● **Problem statement**:
The material beneath this line should be printed exactly, with its pictures omitted.

● **Provided material**:
========

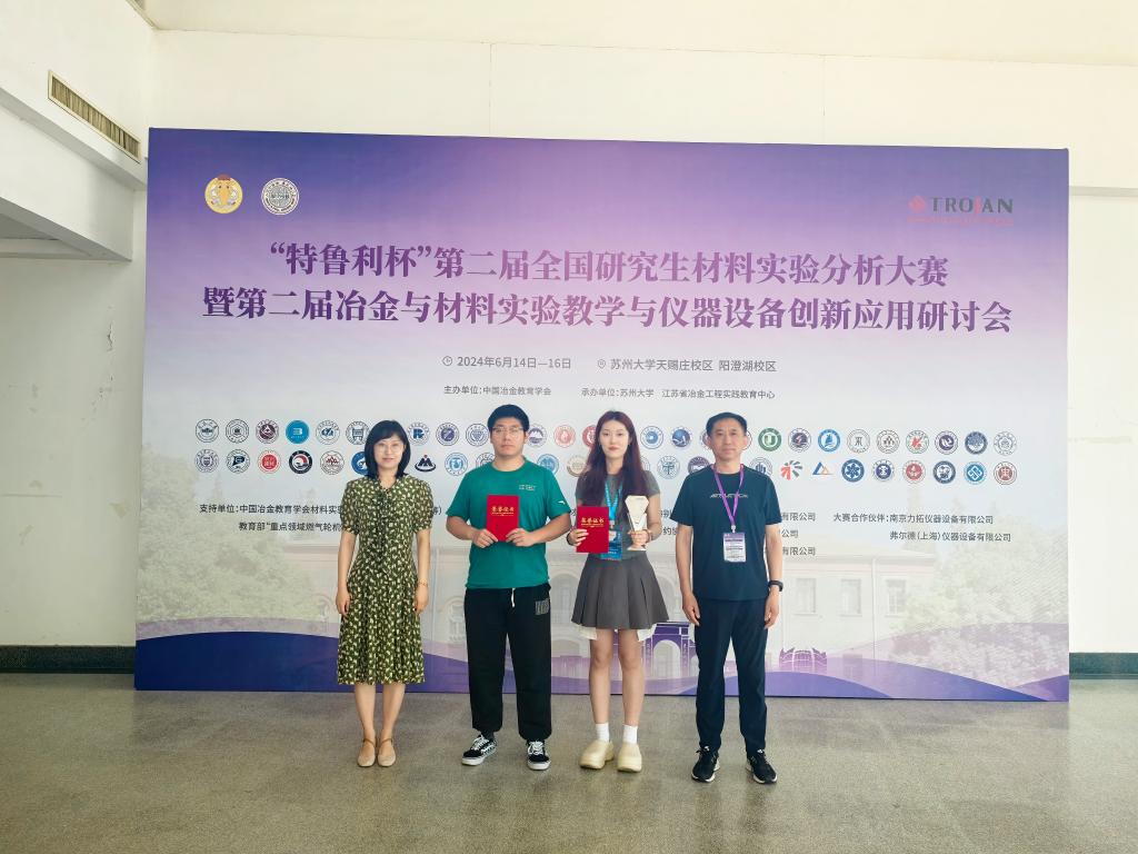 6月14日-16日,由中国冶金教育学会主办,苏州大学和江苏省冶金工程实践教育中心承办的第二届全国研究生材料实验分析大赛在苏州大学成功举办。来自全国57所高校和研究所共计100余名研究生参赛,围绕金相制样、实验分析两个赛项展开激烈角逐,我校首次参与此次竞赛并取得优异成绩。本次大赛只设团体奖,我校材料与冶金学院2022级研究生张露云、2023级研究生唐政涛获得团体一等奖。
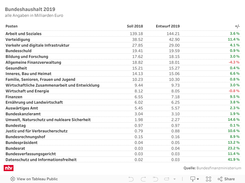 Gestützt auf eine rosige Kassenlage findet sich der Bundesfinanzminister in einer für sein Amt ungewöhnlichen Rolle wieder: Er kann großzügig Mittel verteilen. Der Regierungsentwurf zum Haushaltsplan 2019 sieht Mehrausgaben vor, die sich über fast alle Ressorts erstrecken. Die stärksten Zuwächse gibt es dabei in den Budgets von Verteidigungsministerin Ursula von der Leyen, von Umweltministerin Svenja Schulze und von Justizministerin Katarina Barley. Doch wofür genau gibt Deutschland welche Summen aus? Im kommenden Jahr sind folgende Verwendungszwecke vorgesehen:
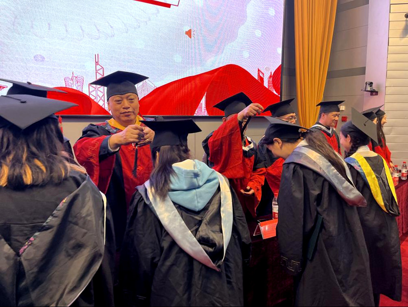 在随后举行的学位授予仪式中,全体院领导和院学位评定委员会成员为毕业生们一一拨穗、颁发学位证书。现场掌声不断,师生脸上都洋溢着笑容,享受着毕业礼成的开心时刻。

========

● **Reply to the exercise**:
 6月14日-16日,由中国冶金教育学会主办,苏州大学和江苏省冶金工程实践教育中心承办的第二届全国研究生材料实验分析大赛在苏州大学成功举办。来自全国57所高校和研究所共计100余名研究生参赛,围绕金相制样、实验分析两个赛项展开激烈角逐,我校首次参与此次竞赛并取得优异成绩。本次大赛只设团体奖,我校材料与冶金学院2022级研究生张露云、2023级研究生唐政涛获得团体一等奖。
 Gestützt auf eine rosige Kassenlage findet sich der Bundesfinanzminister in einer für sein Amt ungewöhnlichen Rolle wieder: Er kann großzügig Mittel verteilen. Der Regierungsentwurf zum Haushaltsplan 2019 sieht Mehrausgaben vor, die sich über fast alle Ressorts erstrecken. Die stärksten Zuwächse gibt es dabei in den Budgets von Verteidigungsministerin Ursula von der Leyen, von Umweltministerin Svenja Schulze und von Justizministerin Katarina Barley. Doch wofür genau gibt Deutschland welche Summen aus? Im kommenden Jahr sind folgende Verwendungszwecke vorgesehen:
 在随后举行的学位授予仪式中,全体院领导和院学位评定委员会成员为毕业生们一一拨穗、颁发学位证书。现场掌声不断,师生脸上都洋溢着笑容,享受着毕业礼成的开心时刻。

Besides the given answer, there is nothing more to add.